**Assignment:** Please copy the listing that follows exactly, leaving out any pictures.

**Information supplied:**
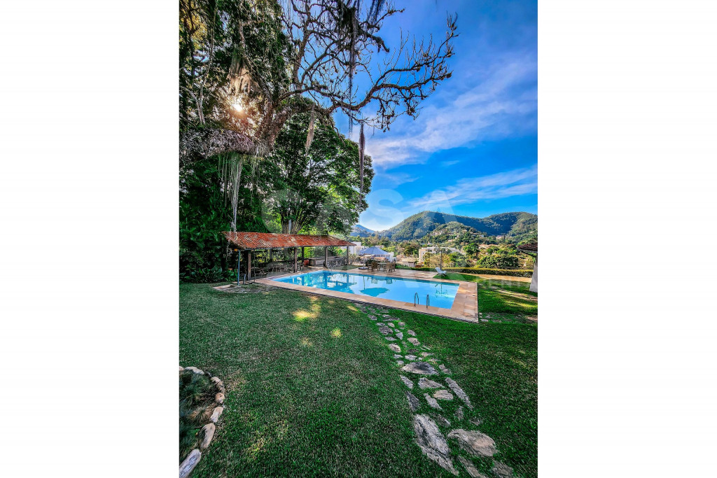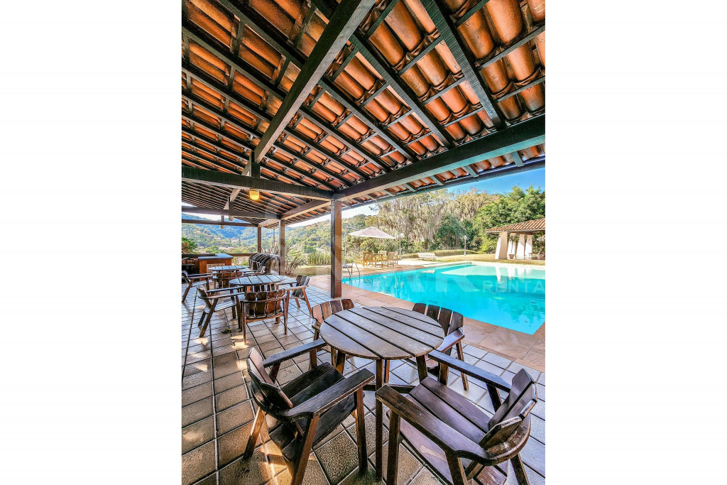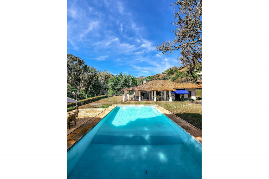 Casa ampla, arejada, com vista para as lindas montanhas da serra. Totalmente equipada, com roupas de cama, banho e de piscina, piscina grande, com sauna seca, e excelente espaço para churrasco.Propriedade muito bem cuidada, com três amplas de salas de estar, uma sala de jantar, tv a cabo e internet wi-fi.Acesso fácil, e serviço completo para os hóspedes.
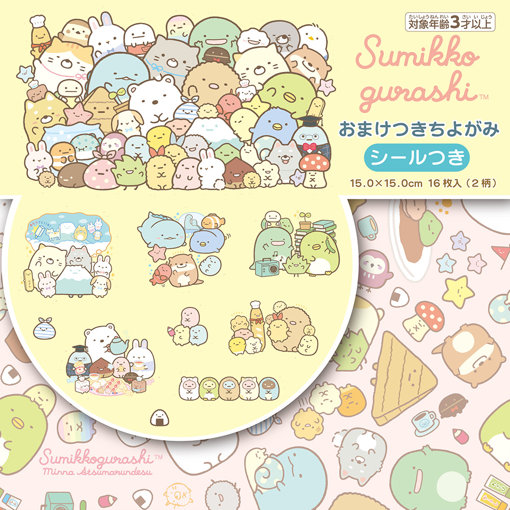 すみっコぐらし おまけつきちよがみ2柄(シール付千代紙) すみっこぐらし(TY-031906) ちよがみ15x15cm16枚(2柄) *絵柄はサンプル画像です。実際の絵柄と多少異なる場合がございます
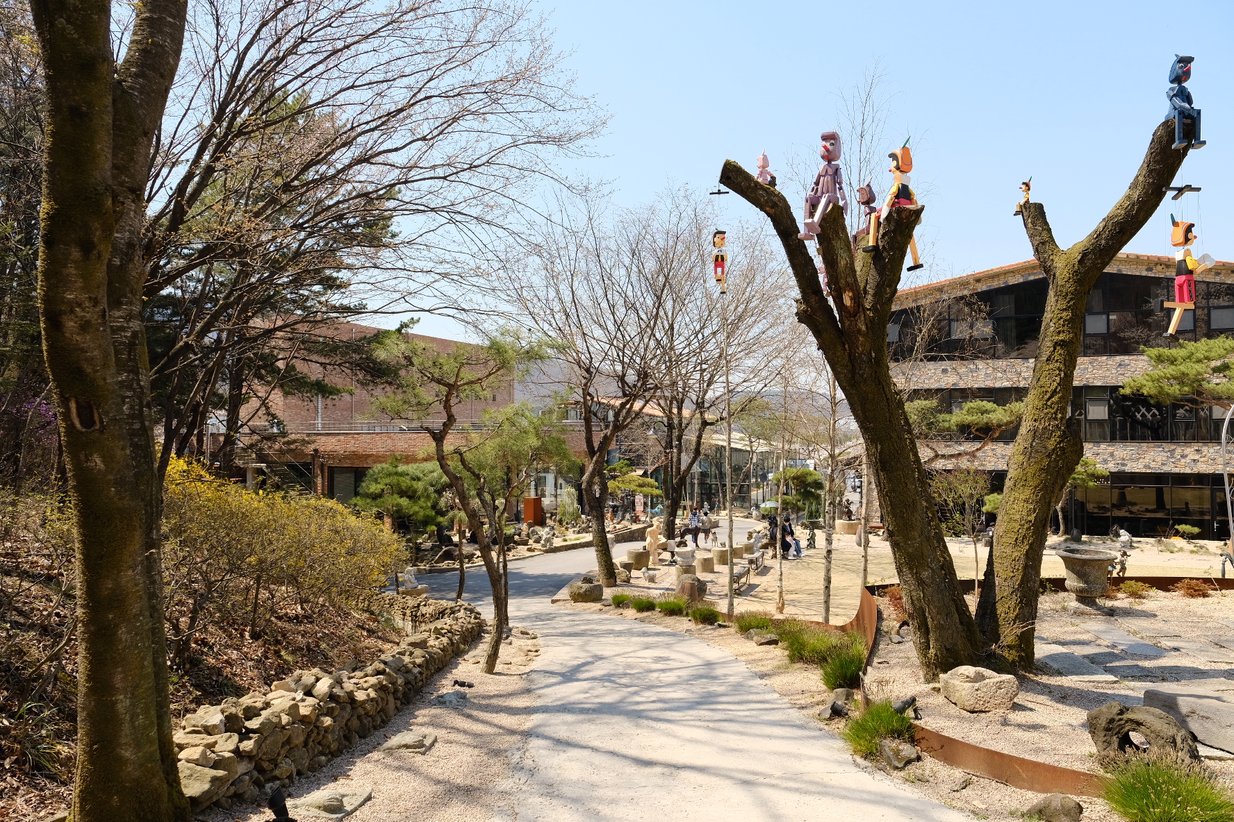 야외로 나와서 산책로를 따라 잠깐 걸었어요. 이제 막 봄이 온지 얼마 안 되어 나뭇가지는 조금 휑하지만, 커다란 벚꽃나무에 벚꽃이 흐드러지게 피어있었어요. 봄에 방문하시면 꼭 산책로를 돌아보시는 것을 추천합니다.
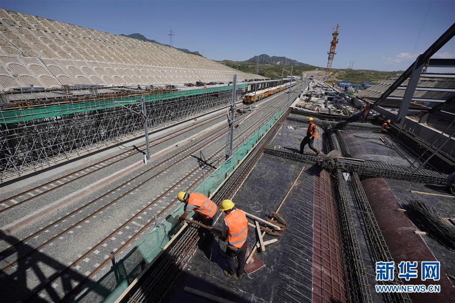 5月29日,工人在京張高鐵下花園北站施工。新華社記者邢廣利攝

**Written reply:**
 Casa ampla, arejada, com vista para as lindas montanhas da serra. Totalmente equipada, com roupas de cama, banho e de piscina, piscina grande, com sauna seca, e excelente espaço para churrasco.Propriedade muito bem cuidada, com três amplas de salas de estar, uma sala de jantar, tv a cabo e internet wi-fi.Acesso fácil, e serviço completo para os hóspedes.
 すみっコぐらし おまけつきちよがみ2柄(シール付千代紙) すみっこぐらし(TY-031906) ちよがみ15x15cm16枚(2柄) *絵柄はサンプル画像です。実際の絵柄と多少異なる場合がございます
 야외로 나와서 산책로를 따라 잠깐 걸었어요. 이제 막 봄이 온지 얼마 안 되어 나뭇가지는 조금 휑하지만, 커다란 벚꽃나무에 벚꽃이 흐드러지게 피어있었어요. 봄에 방문하시면 꼭 산책로를 돌아보시는 것을 추천합니다.
 5月29日,工人在京張高鐵下花園北站施工。新華社記者邢廣利攝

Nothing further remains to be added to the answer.